Underwriting D&O coverage for clients working in this space is limited due to several factors, Downey said.

  • Blockchain companies are new, meaning they have a limited financial and claims history. Consequently, there may not be enough data for underwriters to determine claim history and true risk exposure.
  • A constantly evolving regulatory environment.
  • Negative press about companies acting in the blockchain space in an “unsavoury” way.

“While the negative press about a handful of companies makes for some really interesting reading, it definitely doesn’t help make insurers more comfortable in this space,” Downey said. “I think it also raises concerns about an insurance company’s reputation being harmed by being tied to one of these poorer risks.”

Underwriting appetite for fidelity coverage (financial crimes) is limited for a similar reason as for D&O insurance. For brokers looking to place fidelity coverage for blockchain clients, Downey makes the following suggestions:

  • Expanding the coverage to theft by third parties, as opposed to theft just by employees.
  • Carefully review the definition of property to ensure digital assets are covered.
  • Whether the coverage extends to hot (online) or cold (offline) storage, or both. (It’s more difficult, generally speaking, to obtain coverage for hot storage.)
  • How the policy determines the evaluation of digital assets that might have been stolen.

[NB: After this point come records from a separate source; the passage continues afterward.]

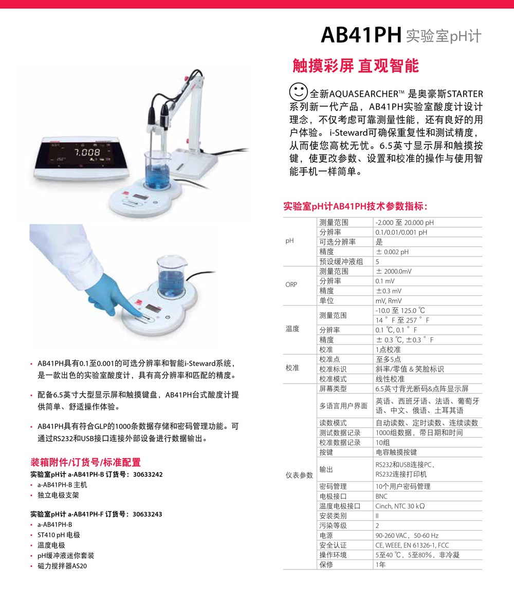 奧豪斯實(shí)驗室pH計AB41PH/AB33PH/AB23PH智能酸度計測試儀ph測定儀
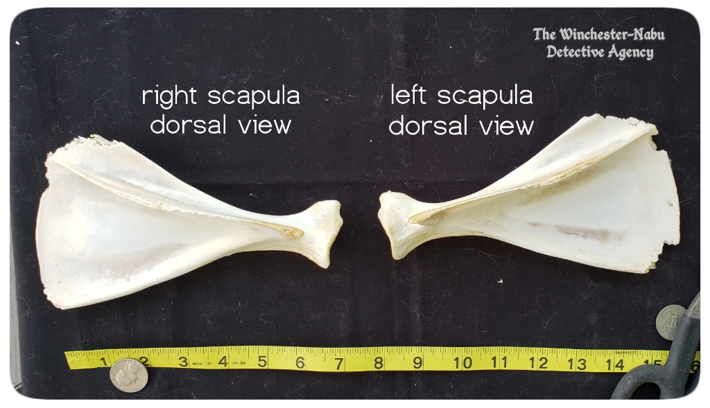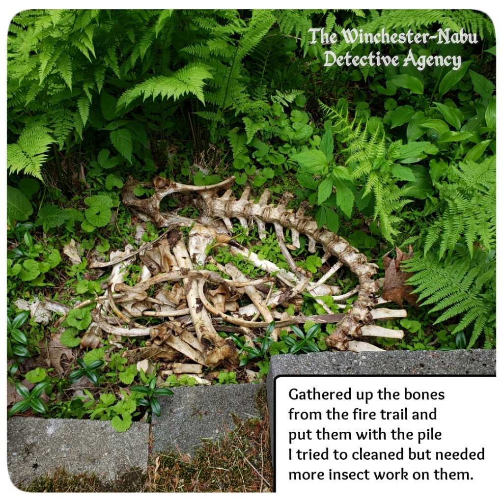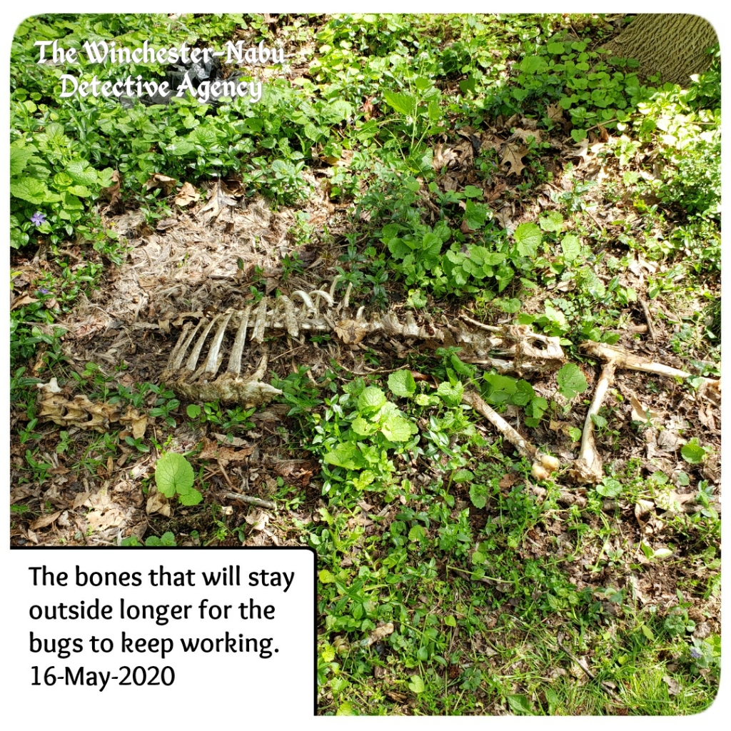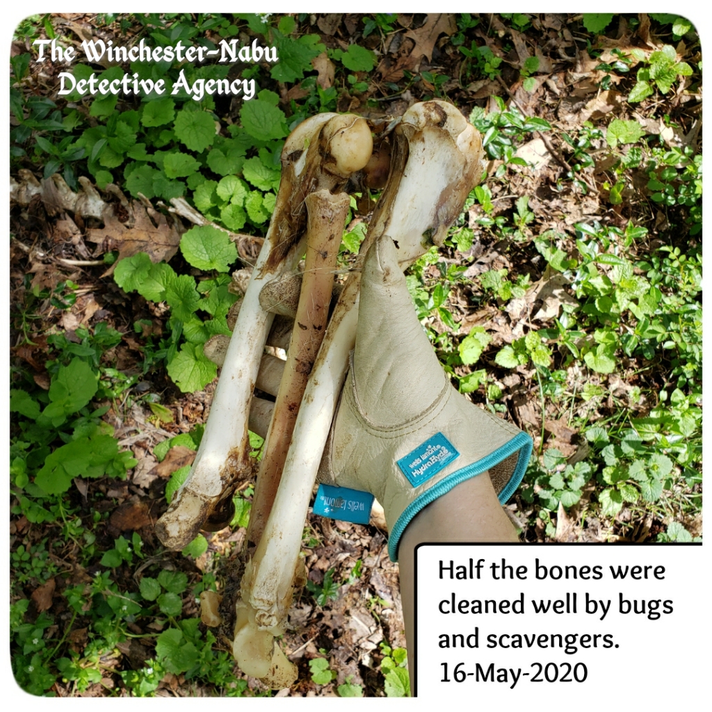 During this entire discovery and cleaning, I didn’t have a clear cause of death. During the body farm stage, I tried my best to examine the bones periodically to look for breakages or injuries. I didn’t see any obvious ones until the bones were picked quite clean. I think the scavengers were responsible for those breaks and it was probably from trying to pull the carcass apart and out of the chicken wire. Therefore it’s still not clear if it was a vehicle accident or a hunting victim. There was no arrow found nearby, but there was a shell found on a trail months later.
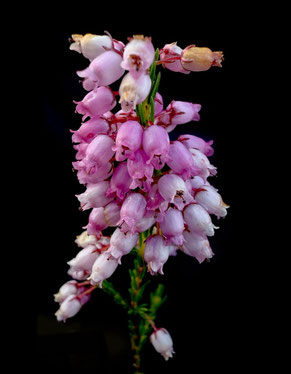 Descripción. Arbusto erecto, densamente ramificado, que alcanza una altura comprendida entre 60 y 80 cm. Las hojas se disponen en verticilos de tres, son erectas y, en la mayoría de los casos, presentan una disposición dística. Las inflorescencias se agrupan en racimos terminales compactos, con flores de morfología campanulada e invertida, de coloración rosa púrpura.
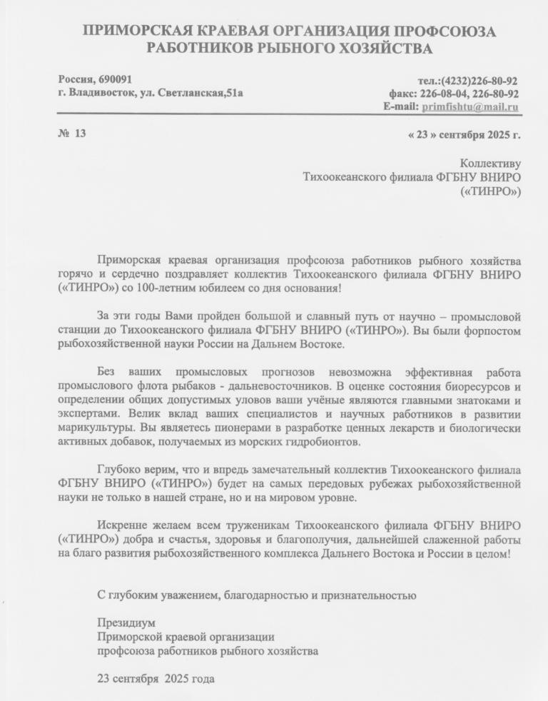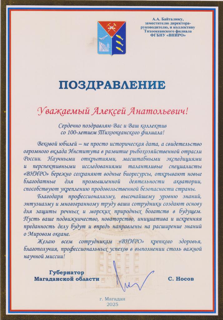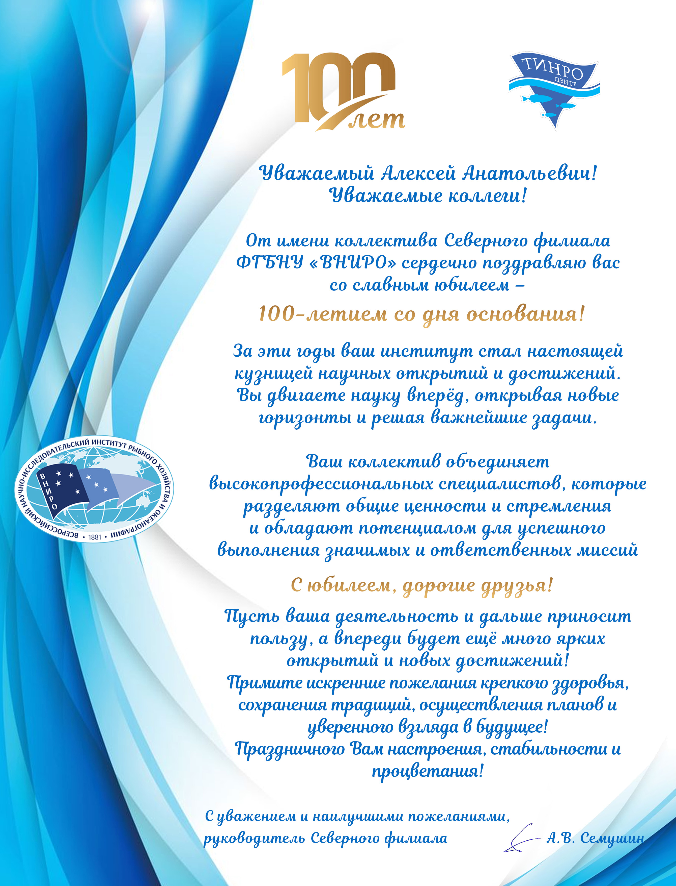 Сердечно поздравляю коллектив и ветеранов Тихоокеанского филиала ВНИРО со 100-летием со дня его основания!

Cyber insurance is another coverage that presents a challenge. Another webinar speaker, Christopher Liu, head of financial institutions (cyber) at AIG, noted that “the only way to steal digital assets is digitally.” While cyber coverage works for particular situations and different permutations, “to use it within the cryptocurrency space is particularly challenging,” Liu said.

But there is a way to advise clients on different policies that could apply to blockchain. Consider a situation in which a handful of keys are lost through a hacking event. Cyber insurance could be used for forensic investigation, and public relations and legal costs. Fidelity would cover the actual value of the missing property or lost assets. Then, an errors and omissions (or professional services) policy would cover liability brought by customers whose assets have been lost.

“You really can have each of these policies working in conjunction and then also providing collaborative or complementary coverage, as well as some overlapping coverage,” Liu said.